Chihuahuan meadowlark (Sturnella lilianae), also known as Lilian's meadowlark, is a bird in the family Icteridae. It is found in northern Mexico and the southwestern portion of the United States. It was formerly usually treated as a subspecies of the eastern meadowlark (Sturnella magna).

Taxonomy
The Chihuahuan meadowlark was formally described in 1930 by the American ornithologist Harry C. Oberholser as a subspecies of the eastern meadowlark based on a holotype that had been collected in the Huachuca Mountains of Arizona.

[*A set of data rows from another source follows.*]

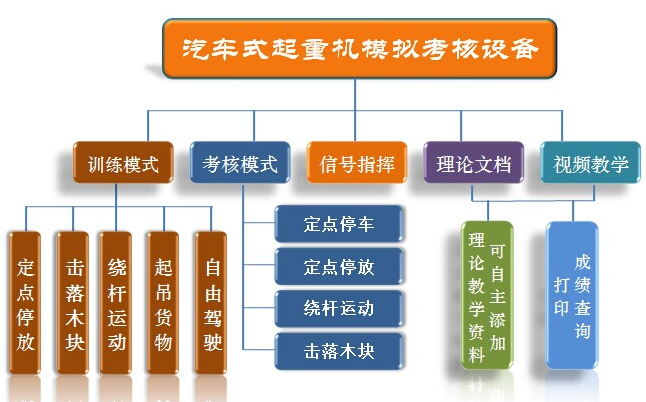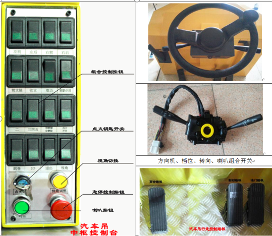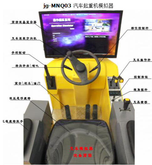 該設(shè)備硬件由懸浮式座椅、駕駛座艙、底座平臺、PC系統(tǒng),視景顯示器,方向機(jī),檔位桿,操作手柄,IC卡讀寫裝置、360視角調(diào)整搖桿、油門、離合、剎車踏板,轉(zhuǎn)向開關(guān),數(shù)據(jù)采集卡、中樞控制臺及各種功能控制按鈕組件等組成。設(shè)備采用與真實汽車起重機(jī)相同的操作部件,逼真的操作手感,使得其操作功能、操作感覺與真機(jī)完全吻合;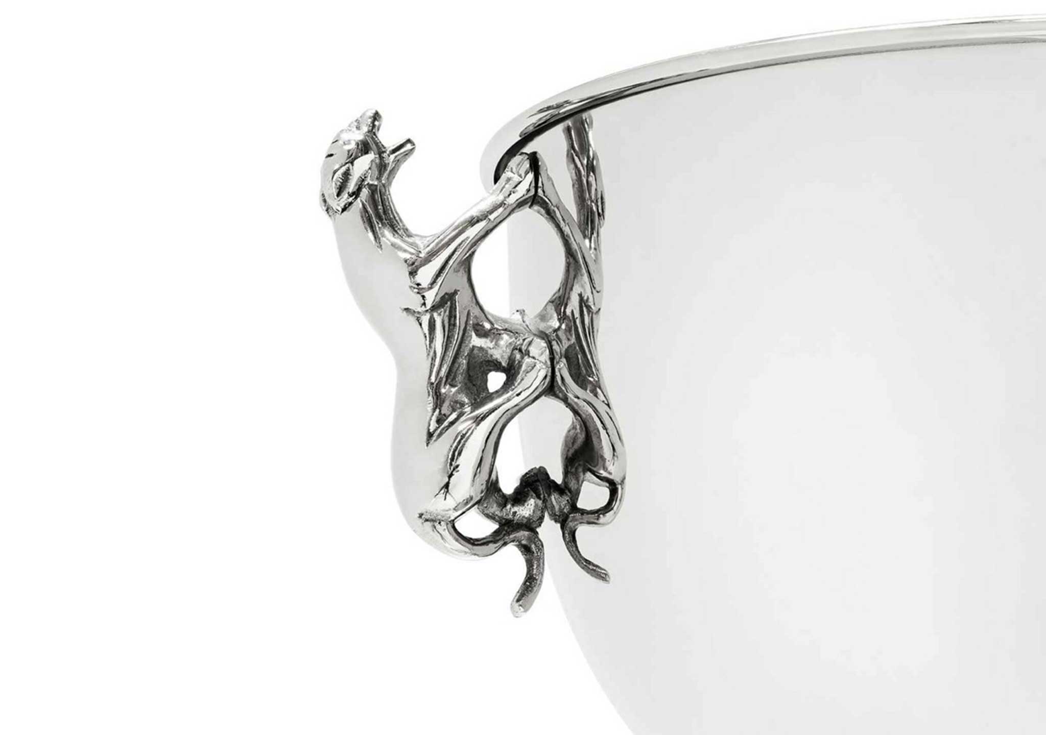 The super-sized Leo Wine Cooler by Abhika is an elegant metal wine cooler decorated with ornate leopard handles.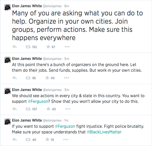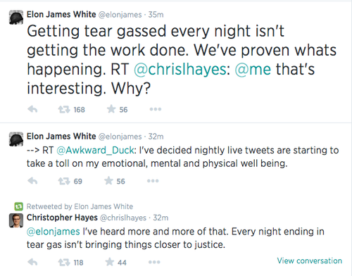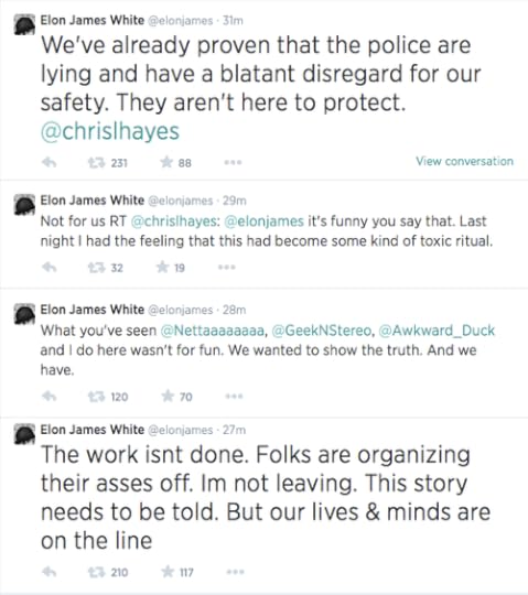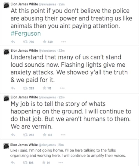 Journalists (All of these are either on the ground in Ferguson as I type this or actively covering events in Ferguson, both Brown’s case and the rallies):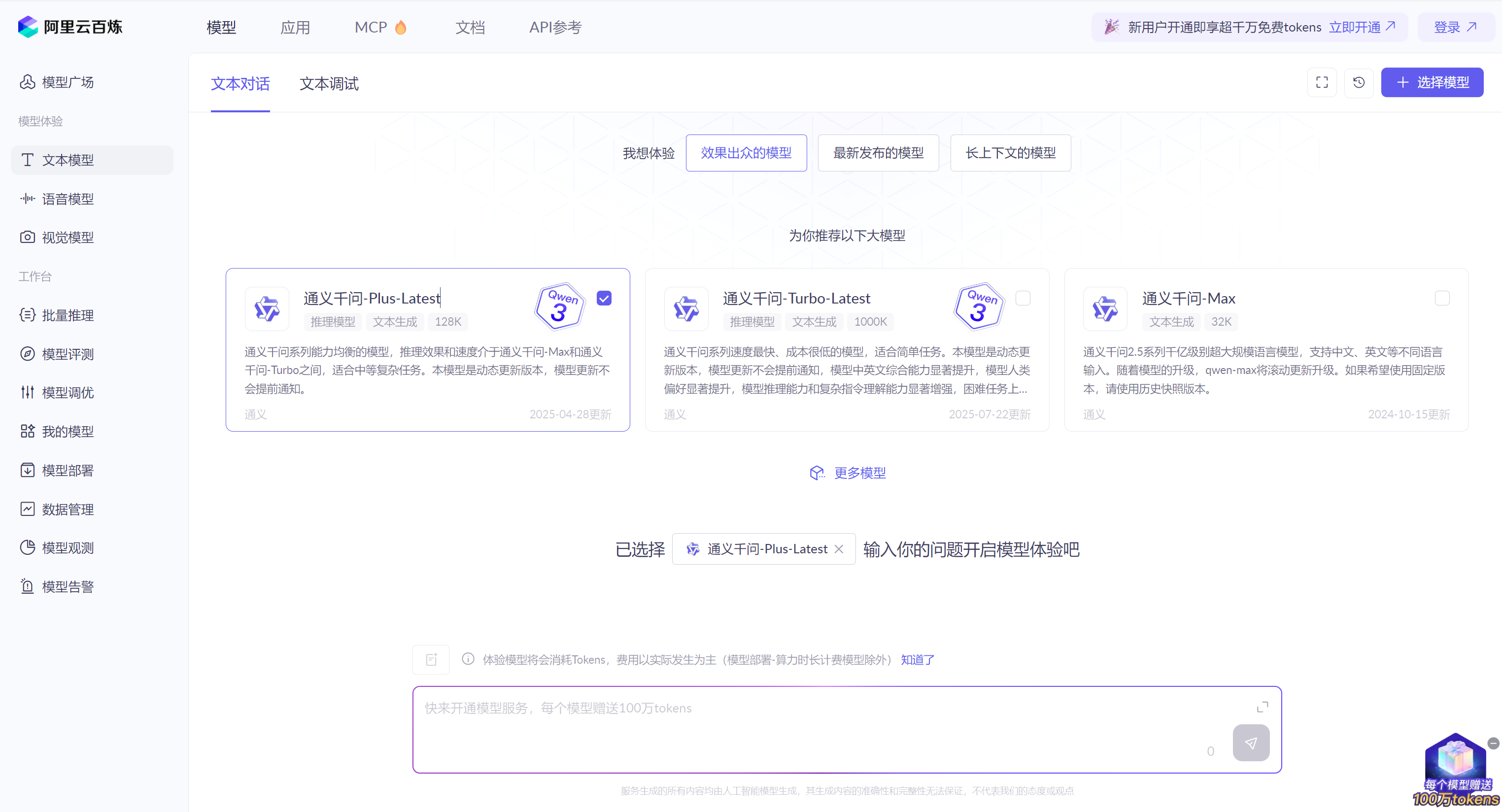 如图我们可以看到Qwen3的通义千问-Plus-Latest,它是通义千问系列能力均衡的模型,推理效果和速度介于通义千问-Max和通义千问-Turbo之间,适合中等复杂任务。本模型是动态更新版本。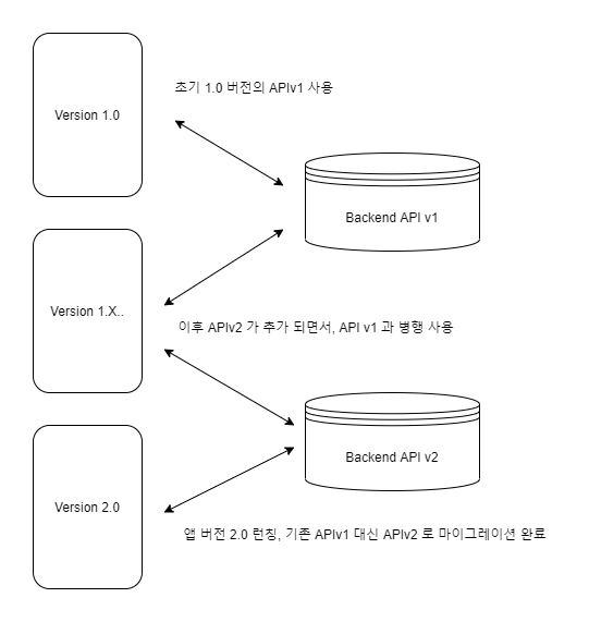 아래의 예시를 보면, 초기 버전 1.0의 경우 APIv1 을 사용하다가 신규 기능 업데이트나 변경 사항에 대해 APIv2 가 새로 쓰이게 될 경우 앱이나 서버의 변경 과도기에서 기존의 APIv1 과 APIv2 가 병행으로 사용되는 구간이 있을 수 있습니다.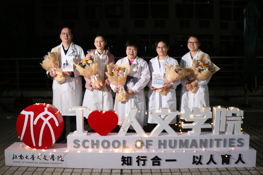 参与活动的师生与医护人员合影
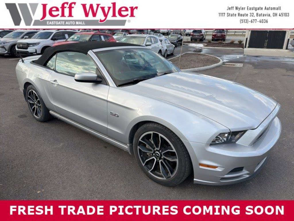 Jeff Wyler Eastgate Auto Mall is very proud to offer this charming-looking 2013 Ford Mustang GT in Silver. Well equipped with: 18" x 8" Sparkle Silver Painted Aluminum Wheels, 4 Speakers, 4-Wheel Disc Brakes, ABS brakes, Air Conditioning, Alloy wheels, AM/FM radio, Brake assist, Bumpers: body-color, CD player, Cloth Bucket Seats, Compass, Convertible roof lining, Delay-off headlights, Driver door bin, Driver vanity mirror, Dual front impact airbags, Dual front side impact airbags, Electronic Stability Control, Front anti-roll bar, Front Bucket Seats, Front Center Armrest, Front fog lights, Front reading lights, Front wheel independent suspension, Fully automatic headlights, Glass rear window, High-Intensity Discharge Headlights, Illuminated entry, Low tire pressure warning, Occupant sensing airbag, Outside temperature display, Panic alarm, Passenger door bin, Passenger vanity mirror, Power convertible roof, Power door mirrors, Power steering, Power windows, Premium AM/FM Stereo w/Single CD/Clock, Radio data system, Rear anti-roll bar, Rear window defroster, Remote keyless entry, Speed control, Speed-sensing steering, Spoiler, Steering wheel mounted audio controls, Tachometer, Tilt steering wheel, Traction control, Trip computer, Variably intermittent wipers, and Voltmeter. Clean CARFAX. Awards: * 2013 KBB.com 5-Year Cost to Own Awards * 2013 KBB.com Brand Image Awards Ask about available certifications. Used vehicles 10 years of age or newer with less than 100,000 miles are eligible for the Wyler Assurance Program, but eligible vehicles must pass our reconditioning process and multi-point inspection. Provided the vehicle passes inspection, vehicles will be eligible for the 6 month/6,000 mile limited warranty. The 6 month/6,000 mile limited warranty is NOT available on AS-IS vehicles, wholesale vehicles, lease buyback/pass-thru vehicles or un-inspected vehicles. Note that this program can also apply to vehicles where the remaining factory coverage is less than 6 months or 6,000 miles. Please check the Federal Trade Commission (FTC) Buyers guide on the vehicle for full details as to whether or not warranty coverage may apply. Contact Dealer for additional details. The Wyler Assurance 6 month/6,000 Mile limited warranty ends 6 months from the date of the Retail Purchase Agreement (BUYERS ORDER) or when the vehicle's odometer registers 6,000 additional miles to the mileage listed on the BUYERS ORDER, whichever comes first. Your Deductible - The warranty holder on your contract pays the first $100 of each covered repair.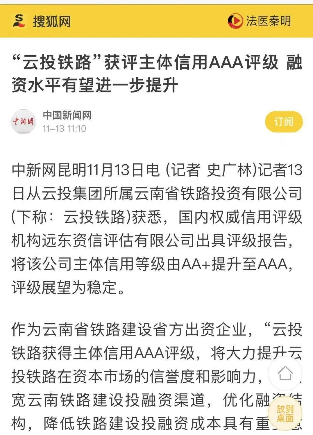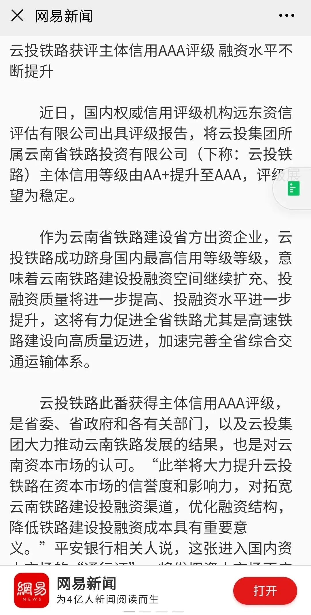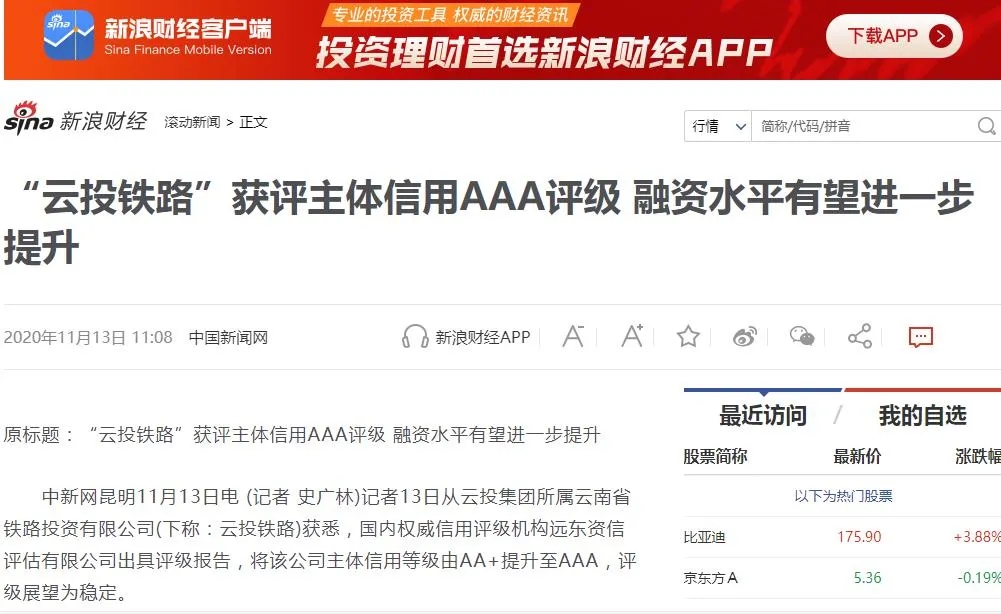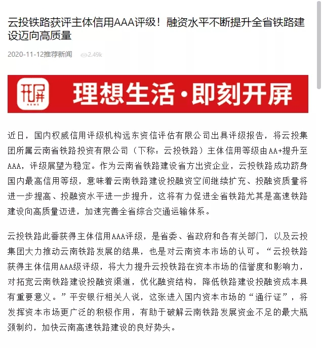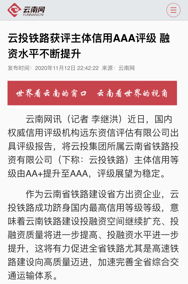 中国新闻网、中国经济新闻网、云南日报、春城晚报、今日头条等媒体对云投铁路获评主体信用AAA评级进行了报道,新浪财经、搜狐网、网易新闻对相关报道进行了转载。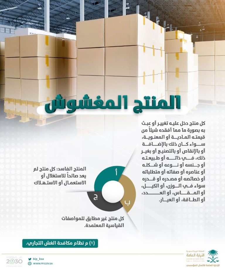 وقالت النيابة العامة ان المنتج المغشوش هو كل منتج دخل عليه تغيير أو عبث به بصورة ما مما أفقده شيئا من قيمته المادية أو المعنوية. سواء كان ذلك بالإضافة أو بالإنقاص أو بالتصنيع أو بغير ذلك. في ذاته أو طبيعته أو جنسه أو نوعه أو شكله أو عناصره أو صفاته أو متطلباته أو خصائصه أو مصدره أو قدره سواء في الوزن, أو الكيل, أو المقاس, آو العدد, أو الطاقة؛ أو العيار.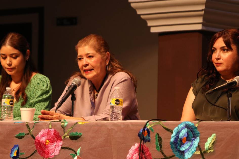 En el patio del Centro Sinaloa de las Artes “Centenario”, la autora estuvo acompañada en los comentarios por Marysol Ojeda y Georgina González Mendívil, así como de Ernestina Yépiz, directora de Literatura del Instituto Sinaloense de Cultura, que editó el volumen en 2019, y que por la pandemia no se había presentado en forma.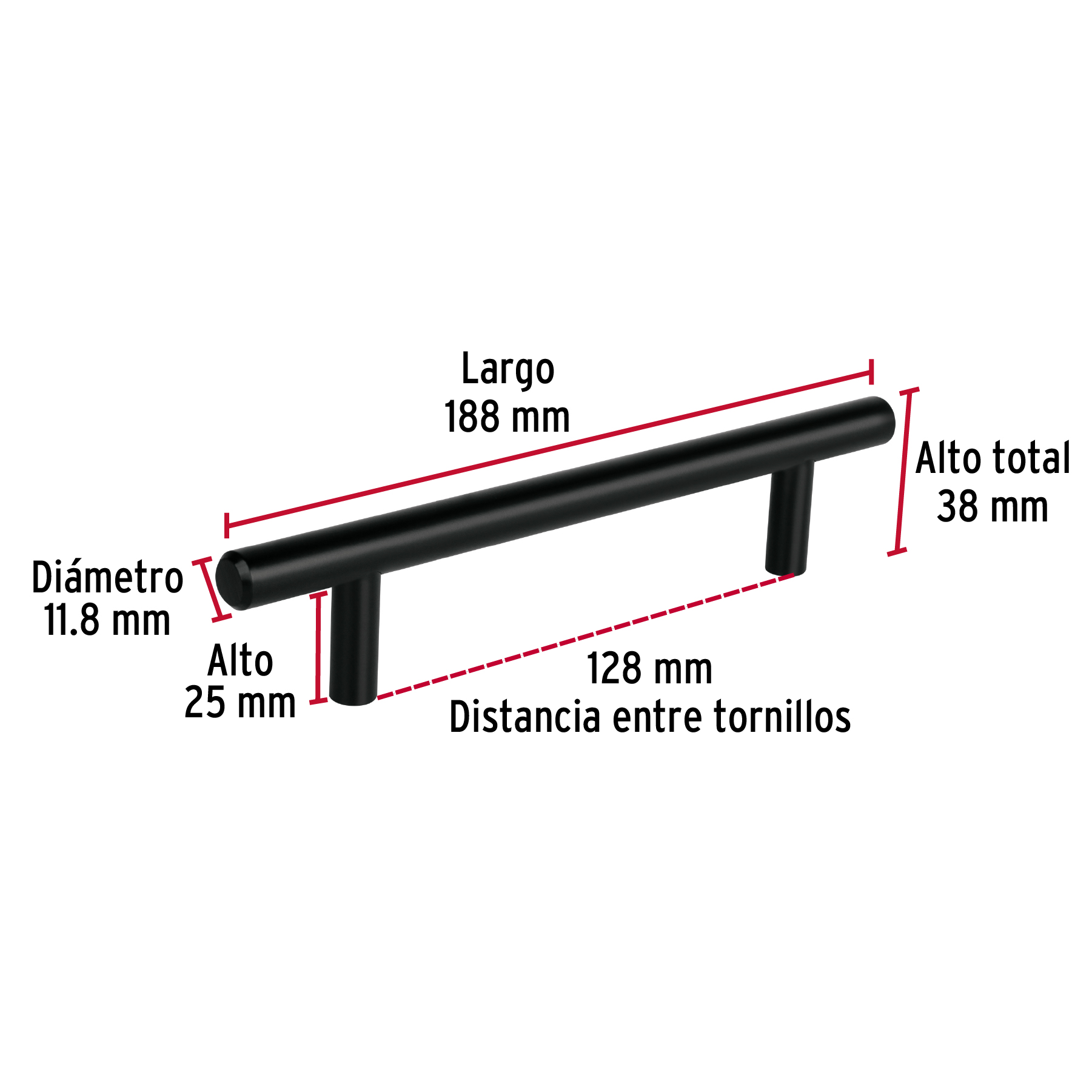 Jaladera de acero, 128mm, línea Cilindro, negro, HERMEX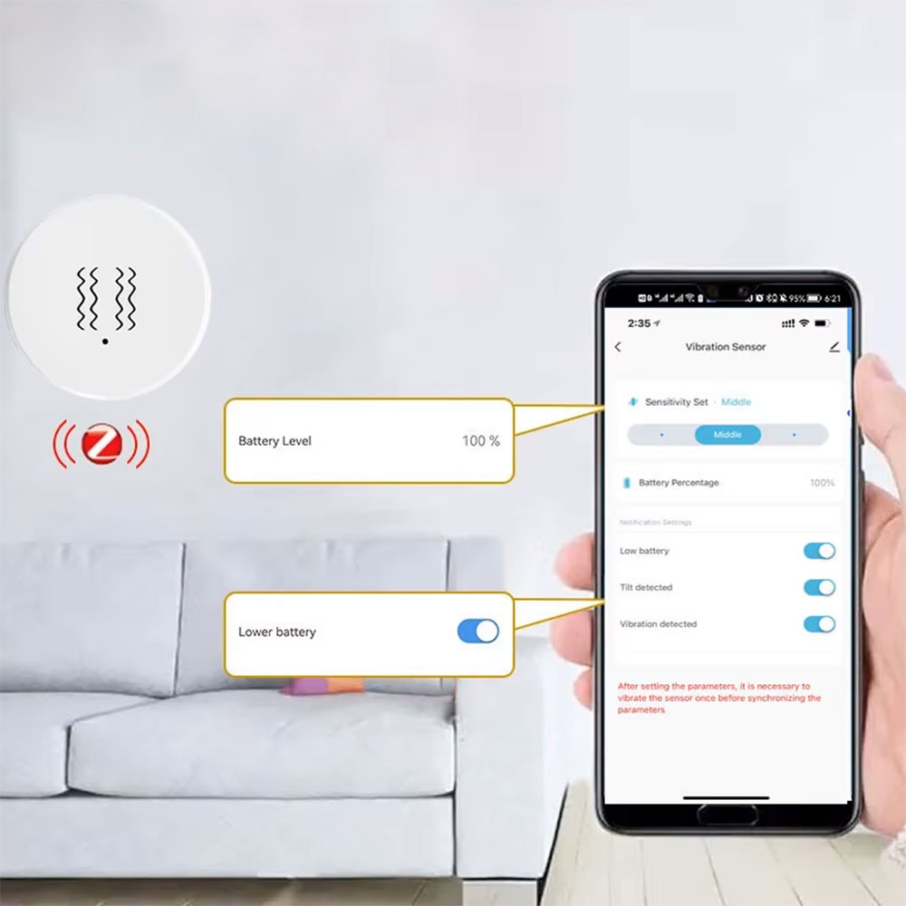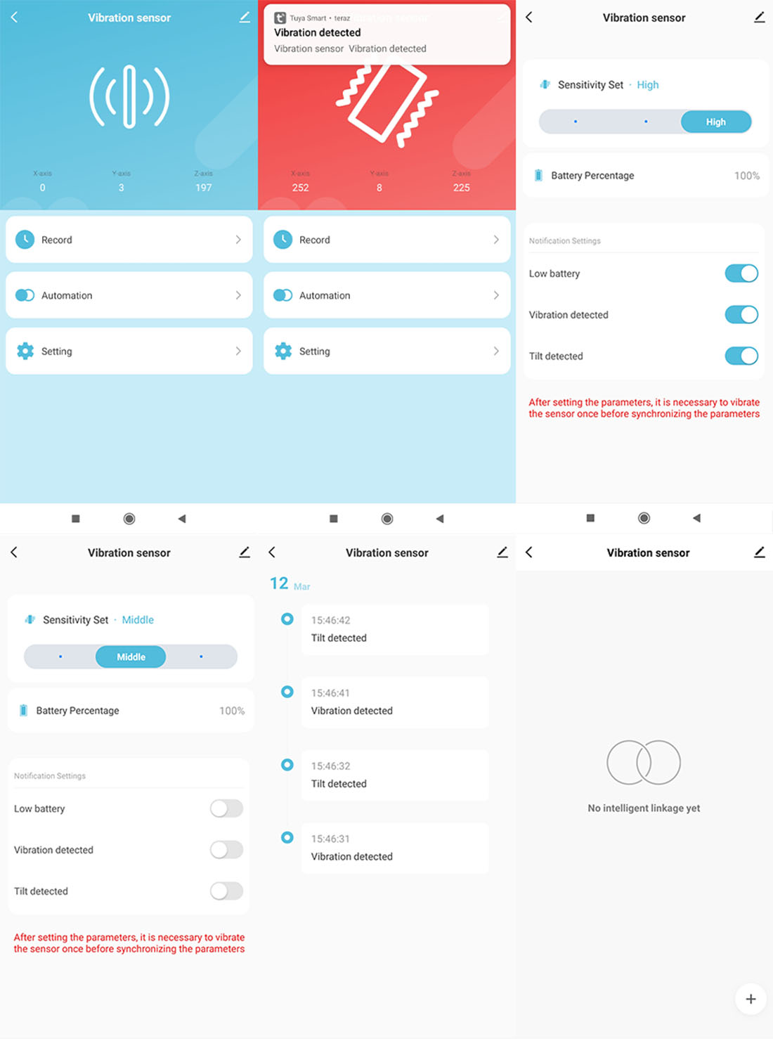 Czujnik wibracji z aplikacją Tuya na smartfony (Android/iOS) umożliwia szybką regulację czułości.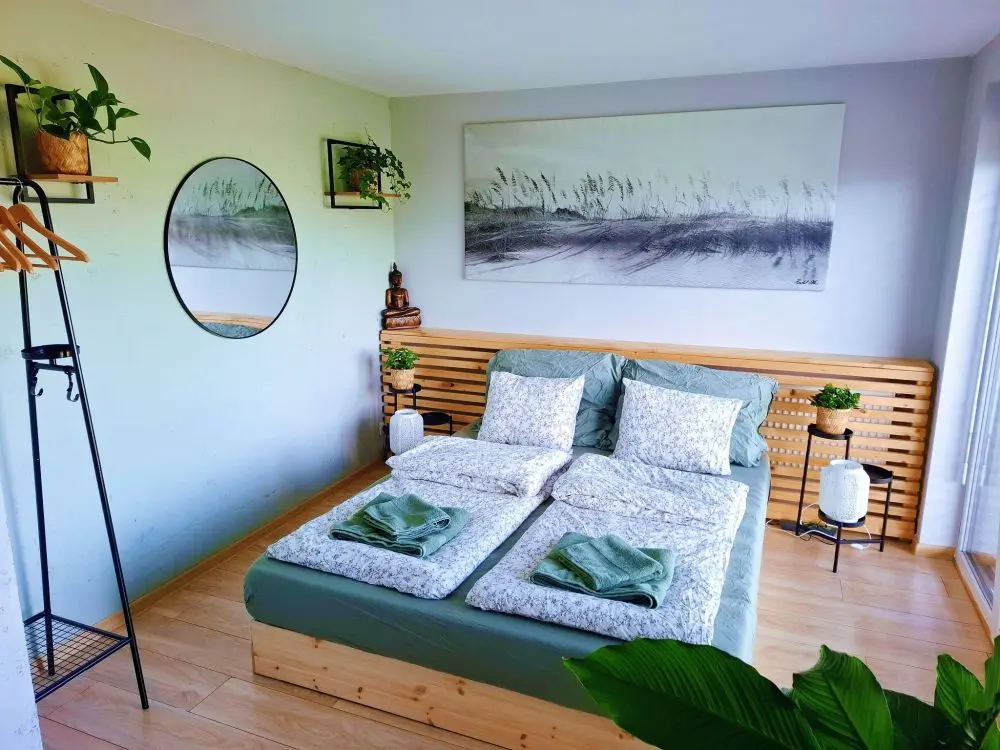 Ložnice: klidná s manželskou postelí pro nerušený spánek.

Oberholser proposed the trinomial name Sturnella magna lilianae. The epithet lilianae was chosen to honor Lilian Hanna Baldwin (wife of ornithologist Samuel Prentiss Baldwin). It is now treated as a separate species based on the significant morphological, vocal and genomic differences between the Chihuahuan meadowlark and the other subspecies of the eastern meadowlark.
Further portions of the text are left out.